Every year I have the privilege to meet with many CEOs and leadership teams to discuss their business. In the past year, nearly every leadership team I’ve sat down with is grappling with the need to make changes and drive transformation.
Inflation, geopolitics, supply-chain issues, labour costs, divisiveness, unsettled equity markets, and stakeholder expectations seem to “change the game” daily. These factors all make for uncertain times. Leaders are looking at their initiatives and broader business plans and exploring where adjustments and even larger changes are needed. In recent months, many CEOs I’ve spoken with feel as if they are focusing more on “downside risks” than “upside opportunities.” And leaders seem a little less confident and more skeptical about where the economy is headed.

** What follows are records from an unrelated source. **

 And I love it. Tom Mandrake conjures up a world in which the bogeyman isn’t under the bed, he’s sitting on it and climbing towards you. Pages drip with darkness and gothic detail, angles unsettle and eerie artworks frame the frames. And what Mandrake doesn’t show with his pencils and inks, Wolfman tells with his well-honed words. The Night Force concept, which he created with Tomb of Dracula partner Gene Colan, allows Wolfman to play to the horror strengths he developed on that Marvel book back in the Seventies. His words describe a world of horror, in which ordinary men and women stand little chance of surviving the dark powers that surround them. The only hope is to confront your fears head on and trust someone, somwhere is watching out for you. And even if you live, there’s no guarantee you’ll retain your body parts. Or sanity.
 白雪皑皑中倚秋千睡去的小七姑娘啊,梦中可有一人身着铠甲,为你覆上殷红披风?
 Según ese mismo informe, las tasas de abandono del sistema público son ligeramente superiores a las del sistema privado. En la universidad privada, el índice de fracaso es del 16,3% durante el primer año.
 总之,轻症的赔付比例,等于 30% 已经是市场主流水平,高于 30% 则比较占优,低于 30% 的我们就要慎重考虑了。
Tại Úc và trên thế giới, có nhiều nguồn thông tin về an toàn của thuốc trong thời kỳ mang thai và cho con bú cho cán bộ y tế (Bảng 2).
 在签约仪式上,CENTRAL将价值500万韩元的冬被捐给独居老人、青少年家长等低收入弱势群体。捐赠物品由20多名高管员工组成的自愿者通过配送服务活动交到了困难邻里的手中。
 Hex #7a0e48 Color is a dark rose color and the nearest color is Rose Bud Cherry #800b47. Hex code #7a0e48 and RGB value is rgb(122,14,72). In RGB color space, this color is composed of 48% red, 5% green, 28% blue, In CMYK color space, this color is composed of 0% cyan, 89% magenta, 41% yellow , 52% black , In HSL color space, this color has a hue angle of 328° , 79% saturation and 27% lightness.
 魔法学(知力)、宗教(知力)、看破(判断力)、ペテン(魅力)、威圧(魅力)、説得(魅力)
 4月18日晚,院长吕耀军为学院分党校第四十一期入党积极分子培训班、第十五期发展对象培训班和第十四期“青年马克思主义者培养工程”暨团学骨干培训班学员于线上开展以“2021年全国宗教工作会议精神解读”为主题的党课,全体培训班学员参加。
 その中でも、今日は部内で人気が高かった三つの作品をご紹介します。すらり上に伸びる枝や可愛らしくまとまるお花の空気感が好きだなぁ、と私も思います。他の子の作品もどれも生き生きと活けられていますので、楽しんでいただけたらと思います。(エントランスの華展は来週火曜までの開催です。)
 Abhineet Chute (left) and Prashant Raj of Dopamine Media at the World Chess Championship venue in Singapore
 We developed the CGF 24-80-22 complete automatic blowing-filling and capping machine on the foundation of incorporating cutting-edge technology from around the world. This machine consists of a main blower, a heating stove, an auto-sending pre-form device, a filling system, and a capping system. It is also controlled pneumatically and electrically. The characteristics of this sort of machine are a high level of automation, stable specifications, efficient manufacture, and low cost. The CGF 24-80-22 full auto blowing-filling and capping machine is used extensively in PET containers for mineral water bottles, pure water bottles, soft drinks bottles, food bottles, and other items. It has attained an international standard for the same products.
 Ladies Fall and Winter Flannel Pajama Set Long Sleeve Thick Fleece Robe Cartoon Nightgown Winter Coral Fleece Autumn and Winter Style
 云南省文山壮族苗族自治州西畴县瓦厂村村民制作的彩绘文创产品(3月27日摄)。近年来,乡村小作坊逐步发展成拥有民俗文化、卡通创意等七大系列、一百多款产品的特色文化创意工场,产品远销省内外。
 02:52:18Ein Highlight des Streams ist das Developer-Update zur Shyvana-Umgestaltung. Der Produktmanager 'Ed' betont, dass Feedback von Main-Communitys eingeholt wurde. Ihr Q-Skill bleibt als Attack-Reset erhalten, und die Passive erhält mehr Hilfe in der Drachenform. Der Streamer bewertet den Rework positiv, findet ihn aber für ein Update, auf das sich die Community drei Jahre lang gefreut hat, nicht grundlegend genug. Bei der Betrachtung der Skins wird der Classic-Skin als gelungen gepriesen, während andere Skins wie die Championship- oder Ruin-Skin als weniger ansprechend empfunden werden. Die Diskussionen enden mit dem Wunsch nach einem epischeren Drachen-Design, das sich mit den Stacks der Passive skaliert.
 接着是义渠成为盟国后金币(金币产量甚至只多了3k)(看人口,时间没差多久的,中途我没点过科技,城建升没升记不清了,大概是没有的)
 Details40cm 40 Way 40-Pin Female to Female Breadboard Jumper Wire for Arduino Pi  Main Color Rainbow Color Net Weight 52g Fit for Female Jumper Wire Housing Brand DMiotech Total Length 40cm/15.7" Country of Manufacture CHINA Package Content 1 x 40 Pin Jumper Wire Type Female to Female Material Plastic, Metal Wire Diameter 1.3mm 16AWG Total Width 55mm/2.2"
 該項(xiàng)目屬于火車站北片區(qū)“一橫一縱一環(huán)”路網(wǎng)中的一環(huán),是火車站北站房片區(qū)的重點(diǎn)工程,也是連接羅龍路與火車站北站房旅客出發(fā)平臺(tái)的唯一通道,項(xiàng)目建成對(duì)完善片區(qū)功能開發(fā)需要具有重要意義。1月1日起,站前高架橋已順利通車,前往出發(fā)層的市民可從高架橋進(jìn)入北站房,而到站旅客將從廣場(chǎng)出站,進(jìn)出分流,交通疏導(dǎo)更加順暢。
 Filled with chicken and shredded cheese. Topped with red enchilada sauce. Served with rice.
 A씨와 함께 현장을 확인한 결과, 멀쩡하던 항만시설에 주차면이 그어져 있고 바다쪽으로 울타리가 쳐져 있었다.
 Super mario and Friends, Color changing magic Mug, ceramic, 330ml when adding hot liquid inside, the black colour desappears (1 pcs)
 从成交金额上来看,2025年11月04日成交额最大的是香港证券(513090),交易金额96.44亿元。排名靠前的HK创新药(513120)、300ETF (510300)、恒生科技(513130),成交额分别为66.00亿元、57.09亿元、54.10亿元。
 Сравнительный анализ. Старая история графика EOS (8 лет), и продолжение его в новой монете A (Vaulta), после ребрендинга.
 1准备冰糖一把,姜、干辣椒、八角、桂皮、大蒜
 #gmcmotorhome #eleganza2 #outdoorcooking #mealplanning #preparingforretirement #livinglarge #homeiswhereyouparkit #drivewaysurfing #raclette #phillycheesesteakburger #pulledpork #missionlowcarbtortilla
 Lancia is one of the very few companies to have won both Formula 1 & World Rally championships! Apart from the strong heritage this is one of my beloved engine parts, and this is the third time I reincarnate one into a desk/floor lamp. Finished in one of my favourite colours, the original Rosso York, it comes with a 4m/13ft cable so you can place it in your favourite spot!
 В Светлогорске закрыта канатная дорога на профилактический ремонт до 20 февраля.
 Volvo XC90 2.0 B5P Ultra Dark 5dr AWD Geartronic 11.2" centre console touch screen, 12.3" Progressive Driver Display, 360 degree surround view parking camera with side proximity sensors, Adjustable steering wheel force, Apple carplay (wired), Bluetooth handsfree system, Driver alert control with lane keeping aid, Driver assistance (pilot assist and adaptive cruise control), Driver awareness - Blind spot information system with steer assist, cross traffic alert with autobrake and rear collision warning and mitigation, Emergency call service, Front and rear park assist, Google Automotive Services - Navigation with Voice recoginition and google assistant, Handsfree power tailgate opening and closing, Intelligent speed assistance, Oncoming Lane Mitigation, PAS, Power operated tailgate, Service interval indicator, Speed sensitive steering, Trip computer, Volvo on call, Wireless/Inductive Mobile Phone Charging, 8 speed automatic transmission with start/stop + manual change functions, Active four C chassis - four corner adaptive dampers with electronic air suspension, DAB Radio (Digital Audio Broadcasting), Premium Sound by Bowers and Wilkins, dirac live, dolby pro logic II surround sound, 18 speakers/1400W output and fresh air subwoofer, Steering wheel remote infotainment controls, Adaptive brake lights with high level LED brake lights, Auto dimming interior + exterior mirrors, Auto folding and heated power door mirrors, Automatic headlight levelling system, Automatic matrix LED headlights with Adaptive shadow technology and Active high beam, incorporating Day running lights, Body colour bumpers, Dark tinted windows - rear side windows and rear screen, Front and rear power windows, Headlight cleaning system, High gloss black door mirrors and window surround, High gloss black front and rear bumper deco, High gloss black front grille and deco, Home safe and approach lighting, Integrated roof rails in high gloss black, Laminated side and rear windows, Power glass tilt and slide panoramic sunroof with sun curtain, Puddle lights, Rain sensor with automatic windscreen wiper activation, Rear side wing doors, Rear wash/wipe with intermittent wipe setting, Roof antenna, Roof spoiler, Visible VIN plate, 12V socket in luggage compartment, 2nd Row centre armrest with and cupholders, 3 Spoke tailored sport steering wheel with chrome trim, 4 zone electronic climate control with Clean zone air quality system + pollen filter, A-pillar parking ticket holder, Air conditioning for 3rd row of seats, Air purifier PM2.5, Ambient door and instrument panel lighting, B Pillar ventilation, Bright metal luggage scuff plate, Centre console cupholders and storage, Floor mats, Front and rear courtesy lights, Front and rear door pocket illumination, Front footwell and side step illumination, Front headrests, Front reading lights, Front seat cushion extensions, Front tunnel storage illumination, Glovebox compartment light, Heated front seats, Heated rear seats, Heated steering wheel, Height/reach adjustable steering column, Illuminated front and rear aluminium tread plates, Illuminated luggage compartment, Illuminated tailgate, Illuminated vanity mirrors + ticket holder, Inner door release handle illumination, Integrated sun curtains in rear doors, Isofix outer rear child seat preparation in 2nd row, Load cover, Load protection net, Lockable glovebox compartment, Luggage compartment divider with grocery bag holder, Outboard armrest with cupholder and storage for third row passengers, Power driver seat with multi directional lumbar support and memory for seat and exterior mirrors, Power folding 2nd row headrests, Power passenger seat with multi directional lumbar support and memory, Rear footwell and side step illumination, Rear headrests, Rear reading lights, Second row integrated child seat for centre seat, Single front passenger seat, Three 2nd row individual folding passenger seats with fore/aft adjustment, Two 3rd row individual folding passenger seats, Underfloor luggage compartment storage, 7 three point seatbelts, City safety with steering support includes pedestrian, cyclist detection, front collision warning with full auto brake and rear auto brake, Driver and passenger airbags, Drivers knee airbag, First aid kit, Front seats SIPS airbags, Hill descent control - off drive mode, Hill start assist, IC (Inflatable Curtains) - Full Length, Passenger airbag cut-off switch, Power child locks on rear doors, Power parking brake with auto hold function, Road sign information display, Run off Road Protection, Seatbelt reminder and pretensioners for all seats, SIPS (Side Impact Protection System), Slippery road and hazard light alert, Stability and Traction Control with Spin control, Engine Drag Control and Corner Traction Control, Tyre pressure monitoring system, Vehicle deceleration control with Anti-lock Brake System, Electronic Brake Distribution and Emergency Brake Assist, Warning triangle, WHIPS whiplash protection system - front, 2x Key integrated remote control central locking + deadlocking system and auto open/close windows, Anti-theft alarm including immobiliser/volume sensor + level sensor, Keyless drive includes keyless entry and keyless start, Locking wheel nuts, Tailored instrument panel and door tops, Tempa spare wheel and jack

The CEO as Chief Change Officer
Leaders are right to observe the changes afoot and recognize the need to manage through them. While the upside opportunity may not always be clear, it is definitely time to lean into change. Today’s pace and complexities will not wane; in fact, I predict they will only intensify. The leader of the (near) future must focus on how to change ahead of pace and how to bring their people along with them.
However, that is much easier said than done. Change is difficult, even when you’ve invested in large initiatives and put in the time and resources to align your operations and communicate to your people. The types of changes we see right now run the gamut and include: integration and breaking down silos; changing operating models to drive revenue growth and efficiencies; automating for efficiencies; and moving to the cloud to drive new revenue streams.
To be successful in this evolving environment, a CEO not only has to change their organization, they also need to be highly skilled in leading people through change. This requires four actions:
1. Prioritize, prioritize, prioritize.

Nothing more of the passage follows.